Customs and Border Protection (CBP) recently announced the establishment of a mutual recognition agreement between Mexico and the United States, as of October 17, 2014.
A mutual recognition agreement between the U.S. C-TPAT program and another country—in this case Mexico’s Tax Administration Service (SAT)—certifies that the foreign customs program’s requirements and regulations are similar to those of C-TPAT, and produces benefits for companies operating in mutually recognized countries.
In particular, the US-Mexico mutual recognition agreement provides for increased cooperation between C-TPAT and SAT’s New Certified Companies Scheme (NEEC), the Mexican equivalent to C-TPAT.

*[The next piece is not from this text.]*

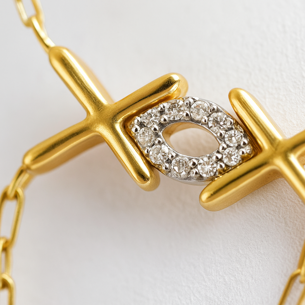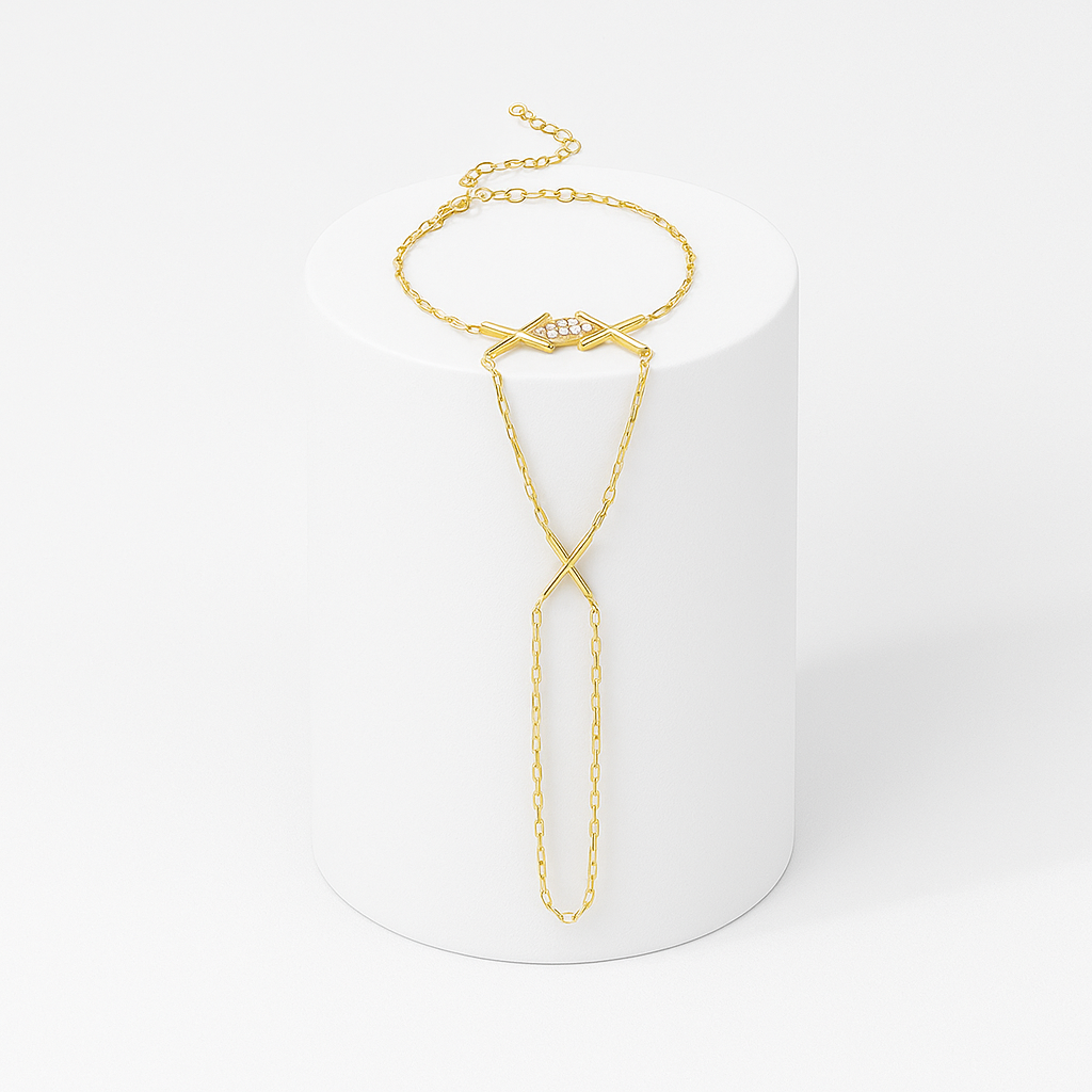 Keskin “X” formundaki ikiz köprüler, bileğinizin tam üzerinde geometrik bir taç gibi buluşuyor; ortadaki berrak taş kümesi ışığı yakalayıp tek noktada yoğunlaştırıyor. Zincirin aşağı doğru daralan üçgen silueti, elinizin doğal hatlarını izleyerek parmak halkasına kadar uzanıyor ve her hareketinizde kesintisiz bir altın izleği oluşturuyor. Tasarımın mimari netliği süs değil karakter taşıyor: fazlalıksız çizgiler, gerek ofis gri tonlarına gerek gece elbisesinin ipeğine aynı özgüveni yansıtıyor. Ayarlanabilir kilit sistemi gün boyu stabil kalıyor, hafif konstrüksiyon ise takıyı “varlığını unutturan” konfora taşıyor. Crosslink Radiance, elinizde gözle görülür bir odak noktası yaratmak için fazla söze ihtiyaç duymayan, yapısal ama akışkan bir imza parçası.

Mutual recognition between the U.S. and Mexico allows processes pertaining to importing and exporting between the two countries to become more simplified. Imports and exports exchanged between the U.S. and Mexico are subject to the following benefits as a result of the mutual recognition agreement:
- Faster validation process
- Fewer exams of cargo
- Common security standards
- Higher levels of customs efficiency
- Front-of-the-line processing
- Marketability
Additionally, the U.S. has mutual recognition agreements with the following supply chain security programs: New Zealand, Canada, Japan, Korea, Jordan, the European Union, Taiwan, and Israel.